The 0-3 New York Giants are preparing to invade Arrowhead Stadium on Sunday. Under the leadership of head coach Tom Coughlin they hope to regain some of this season’s lost ground in Kansas City Chiefs’ territory. It will be a war.
The Giants’ coach is nicknamed ‘Colonel Coughlin’, and for good reason. When he took the head coaching position in 2004, he was scrutinized for fining players if they were two minutes early for a team meeting. His response was, “They should’ve been at least five minutes early”.
Coughlin’s militaristic approach should come as no surprise. Former New York head coach Bill Parcells mentored Tom when, under him, Coughlin commanded the Giants wide receivers back in the late 1980s. Parcells is also a strict disciplinarian. As the Vice President of Football Operations for the Miami Dolphins in 2008, he was known as the ‘Football Czar’.
Colonel Coughlin was born in Waterloo, NY, which led me to search for parallels between him and Napoleon Bonaparte. The former French Emperor was eventually defeated in The Battle of Waterloo. I was surprised at what I found.

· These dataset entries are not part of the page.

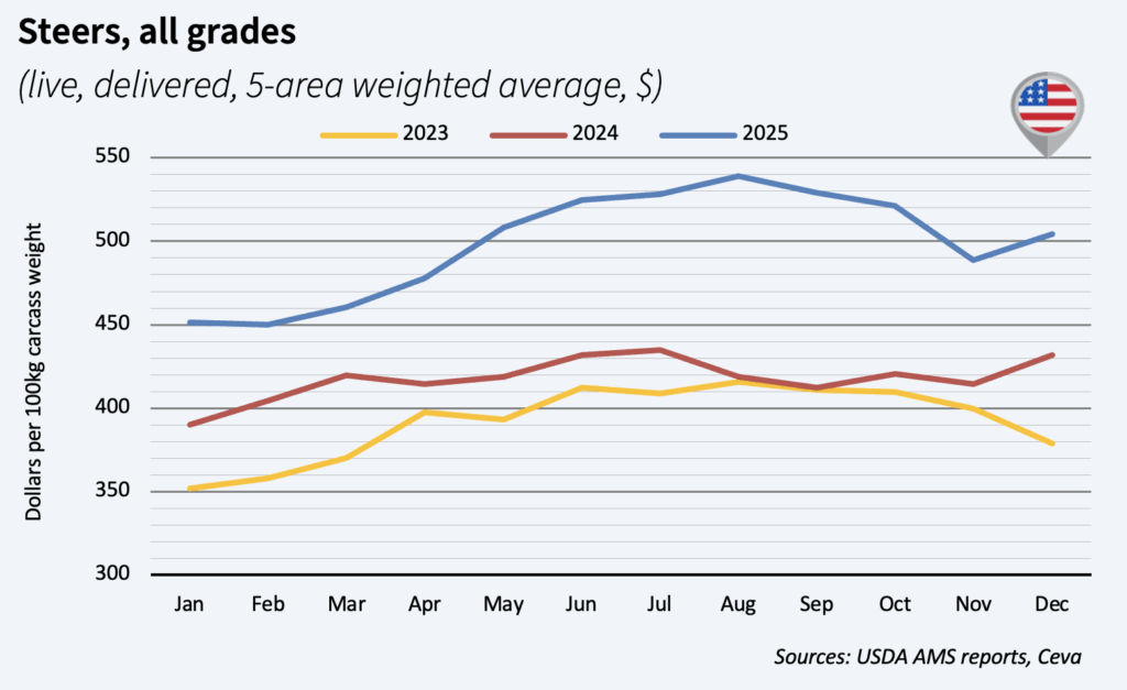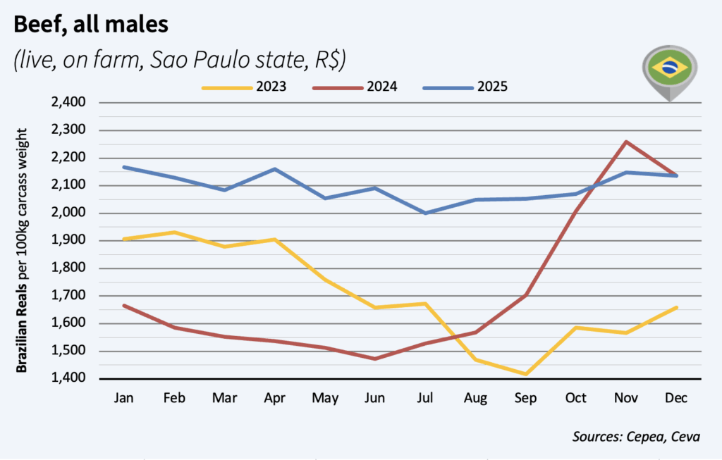 In December, Brazilian beef prices decreased by 3% in a month but are above 2024 level (+12%). Beef meat production has increased by 4% in 2025, according to latest estimates. The country’s total beef exports during 2025 culminated at a historic 4.145 million tons cwe, 21% above 2024, already huge. Exports to China (& Hong Kong) were of 2.2 million tons (+24%) and will be curbed in 2026 as China put a 55% tariff on all major exporting countries to its territory, above a maximum quantity exported from each country (safeguard measures). The limit for Brazil is 1.1 million tons. The country will probably send more beef to Japan, Korea, the Philippines or Indonesia, and the US.
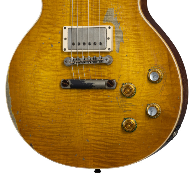 “グリーニー”は、これまでに作られたオリジナル・レスポール・スタンダードの中でも最もアイコニックな1本で、一音でわかる唯一無二な音色を備える。元々はピーター・グリーンが所有しており、フリートウッド・マック在籍時に使用され、その後ゲイリー・ムーアに売却され、シン・リジー在籍中やソロ・アーティストとして30年間使用された。現在はカーク・ハメットが所有しており、“グリーニー”はまさに3人の伝説的なギタリストの手に渡っている。“グリーニー”はネックピックアップのマグネットを反転させているため、ミドル・スイッチのポジションでアウト・オブ・フェイズになり、特徴的なサウンドを生み出す。
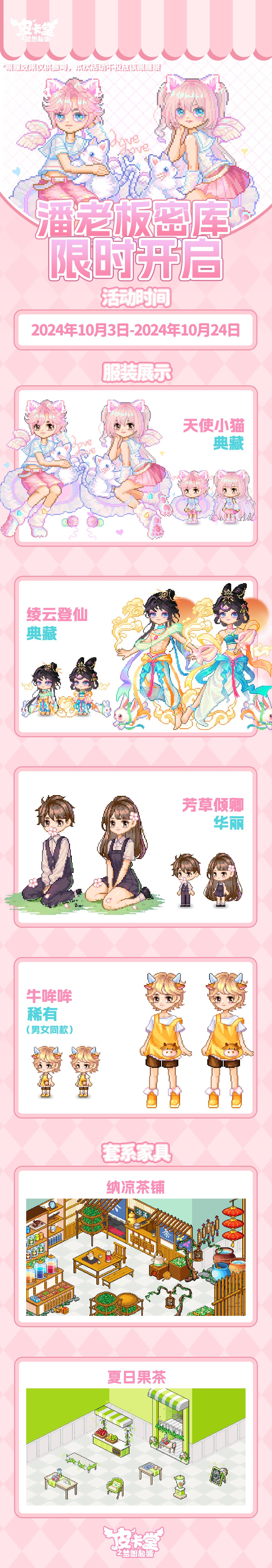 -【潘老板密库】上线!参与活动可获得典藏套装「绫云登仙」、典藏套装「天使小猫」、华丽套装「芳草倾卿」、稀有套装「牛哞哞」以及「纳凉茶铺」和「夏日果茶」套系家具!

Napoleon was the first leader of France to bear the Emperor title in almost a century. His predecessor in title was Charles the Fat. Coughlin’s predecessor, Parcells, was nicknamed the ‘Big Tuna’ as coach of the Giants due to his body shape.
Once surrounded by the Seventh Coalition forces, Napoleon didn’t stand up and fight valiantly; he tried to escape with a carriage full of jewels. The Giants have won four Super Bowls and Parcells and Coughlin each have possession of two of the rings. Ironically, they were won in both coaches’ fourth and eighth seasons at the helm.
Bonaparte was counting on Emmanuel de Grouchy (fitting name) to overcome the attack of seven united armies. Coughlin is counting on Eli Manning to overcome the Chiefs defensive front seven.
Parcells was New York’s head coach for 10 years. This is Coughlin’s tenth season with the Giants. Some fans are already calling for his head. Could Arrowhead Stadium ultimately be his final stand, his “Waterloo,” if you will?
Napoleon held off his forces attacking the English until noon due to soggy conditions. In retrospect, it gave the Prussian army time to get into position and is considered the biggest mistake of the battle.
There’s a 50 percent chance of rain in Kansas City on Saturday night. Soggy ground or not, there’s going to be a war in the Chiefs kingdom on Sunday. Don’t be late. (If you’re a Giants fan, I’d be at least five minutes early.)